The Consent Order alleged that Bank employees considered applicants with last names ending in –ian or –yan, especially if the applicant’s address was in or around Glendale, California, to be more likely to commit fraud or to incur significant charges and then leave the country or otherwise not pay off the charges. The Consent Order further alleged that the Bank took corrective action against employees who failed to identify such applicants. Supervisors and trainers allegedly instructed employees to “conceal their reliance in the credit decision” on such applicants by telling Bank employees not to discuss the decisions in writing or on recorded phone lines.
The CFPB alleged that the Bank more frequently denied credit applications based on Armenian national origin, as compared to other similarly situated applicants, and did not provide a legitimate, non-discriminatory explanation for doing so.
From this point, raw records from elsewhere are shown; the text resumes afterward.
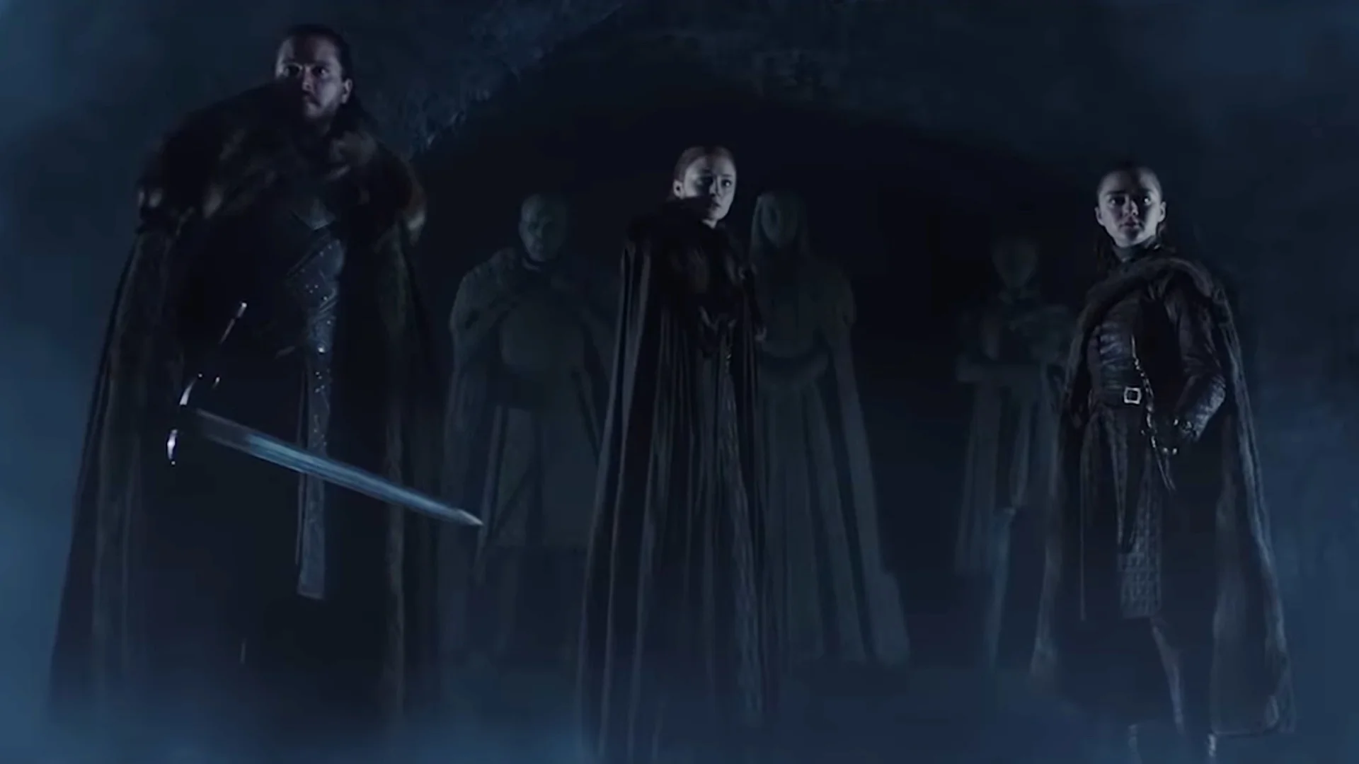 While it doesn’t show any actually footage from the season, it does feature the surviving members of the Stark family, Jon Snow, Sansa Stark and Arya Stark, confronting their legacy as they walk through a dark crypt filled with the statues their family.
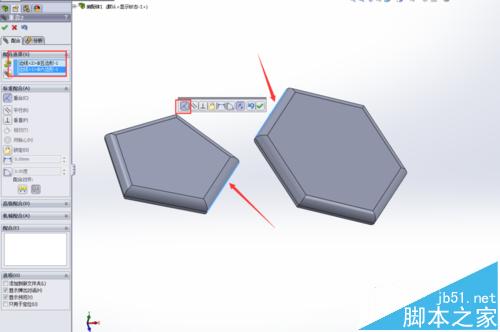 3、这一步是为了确定三个面的位置。同时在五边形上做一个临时基准面。
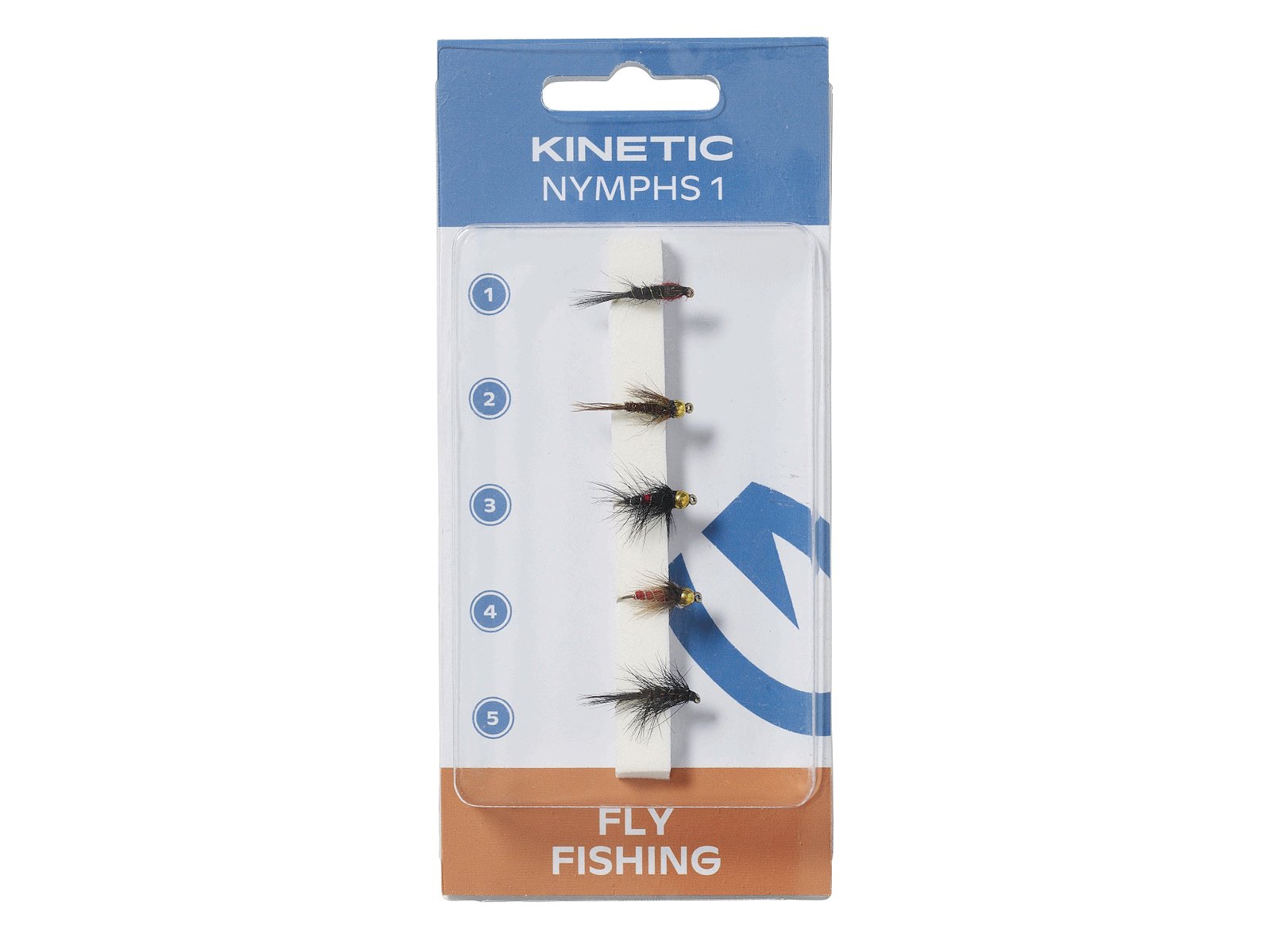 Kinetic Nymph Flugor 1 är ett 5-pack med några av de mest beprövade och effektiva nymfmönstren för fiske efter öring och harr. Dessa flugor kan användas under hela året och imiterar naturliga byten som nymfer, larver och andra vattenlevande insekter som fisken söker under ytan.
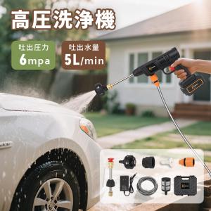 高圧洗浄機 コードレス高圧洗浄機 充電式 吐出水量6L/min 強力噴射 バッテリー高圧洗浄器 充電式高圧洗浄機 6段階マルチスプレー コンパクト洗車機強力噴射
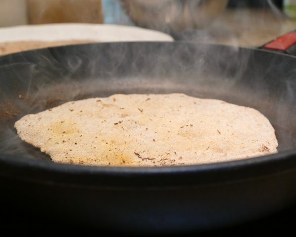 Panvicu rozpálime na maximum. Nasucho a naprudko ich opečieme. Pri opekaní sa na plackách tvoria pľuzgiere. Podávajú sa čerstvé ako príloha.

Further, when an application was denied based on an employee identifying the applicant as Armenian American, the CFPB alleged that the Bank did not accurately and adequately inform the applicant of the reason for the action in an adverse action notice required by ECOA and Regulation B.
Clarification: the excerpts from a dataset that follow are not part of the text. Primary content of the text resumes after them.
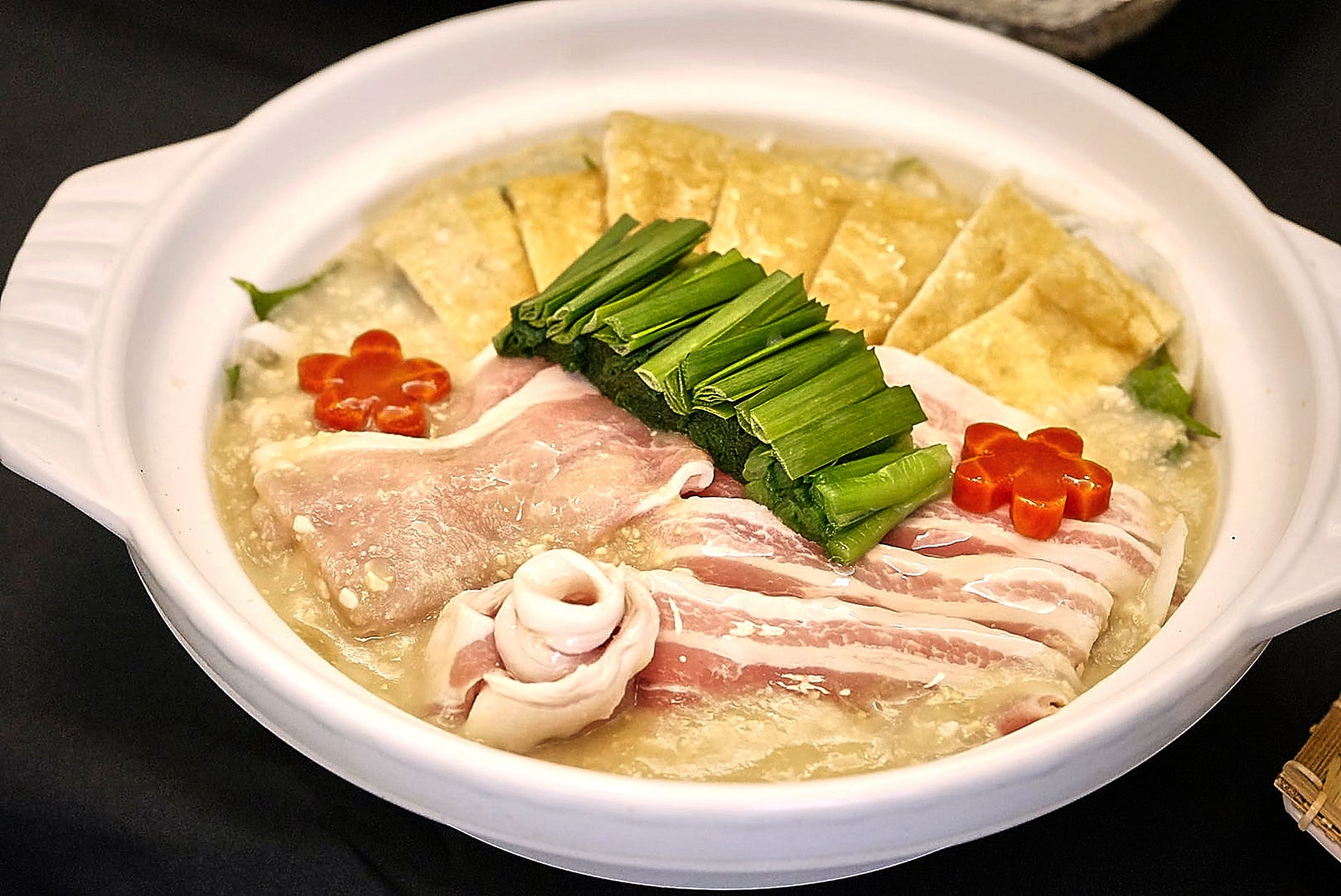 ・肉味噌ちゃんこ鍋(1月ディナー):鶏ガラ出汁に京都の白味噌と北陸の米麹味噌を絶妙なバランスで配合。京丹波高原豚、京都の老舗豆腐屋の油揚げ、京都近郊の香味野菜をオープンキッチンで仕上げます。京七味、柚子胡椒の風味が食欲をそそる一品。
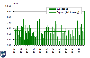 Az éves csapadékösszeg, ahogy az a 2. ábrán is látszik, minden eddigi összeget magasan túlszárnyalt. Országos átlagban 2010-ben 959 mm csapadék hullott, mely több mint 130 mm-rel haladja meg az eddigi rekordot, az 1940-es 824 mm-es éves hozamot. Ilyen csapadékos év jó közelítéssel 3 tízezred valószínűséggel fordul elő. Az illesztett exponenciális trend alapján gyenge csökkenés rajzolódott ki az elmúlt 110 évben, míg az 1981-2010-es időszakban szignifikáns, mintegy 25%-os növekedés volt jellemző.
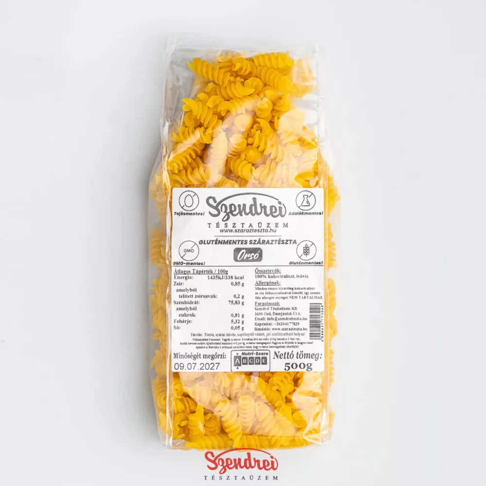 A Szendrei gluténmentes orsó azoknak készült, akik gluténmentes étrend mellett is szeretnének jól használható, házias jellegű száraztésztát tartani otthon. A gluténmentes orsó barázdált, csavart formája jól kapcsolódik a mártásokhoz, így hétköznapi és tartalmasabb tésztaételekhez is beválhat. A kukoricalisztből készült tészta természetes, kellemes ízvilágú alapanyag, amely egyszerű hétköznapi ételekhez és gondosabban összeállított fogásokhoz is bevethető.

The CFPB also alleged that the Bank took other negative actions against such applicants, such as: (1) denying a credit card application or approving it on less favorable terms; (2) applying additional scrutiny to the application, including by requiring further information such as a verification of the applicant’s income or assets; (3) placing a block or hold on the applicant’s account; and (4) referring an applicant to the Bank’s fraud prevention unit for further review and a potential account freeze, line decrease, or account closure.
The Consent Order requires the Bank to pay $1,400,000 as redress to affected applicants and a $24,500,000 civil money penalty to the CFPB.